--- Material provided ---

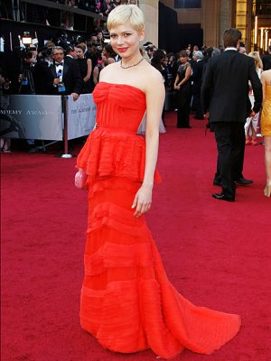 | Best Dressed: Michelle Williams in Louis Vitton. I wish I cold pull off a pixie like her! Credit: Kevin Mazur/Wireimage |
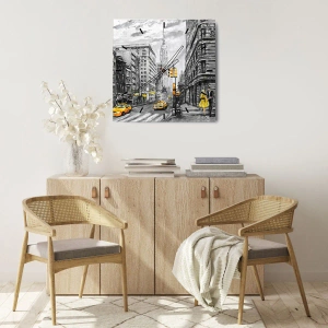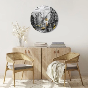 Zegar ścienny - Nowojorska ulica z żółtymi akcentami - 30x30cm - Nowojorska opowieść - Nowoczesna dekoracja ścienna do salonu i sypialni ARTTOR
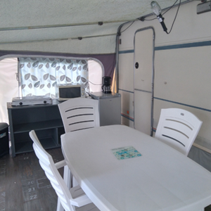 En el interior encontrará una zona de comedor convertible en cama doble, así como una cama comedor, perfecta para niños o amigos. La cocina está equipada con todo lo necesario para preparar tus comidas: frigorífico, fogones, microondas y utensilios de cocina.

---

What to produce →
The data above should be returned in full, exactly as written, apart from its images.

Your solution →
 | Best Dressed: Michelle Williams in Louis Vitton. I wish I cold pull off a pixie like her! Credit: Kevin Mazur/Wireimage |
 Zegar ścienny - Nowojorska ulica z żółtymi akcentami - 30x30cm - Nowojorska opowieść - Nowoczesna dekoracja ścienna do salonu i sypialni ARTTOR
 En el interior encontrará una zona de comedor convertible en cama doble, así como una cama comedor, perfecta para niños o amigos. La cocina está equipada con todo lo necesario para preparar tus comidas: frigorífico, fogones, microondas y utensilios de cocina.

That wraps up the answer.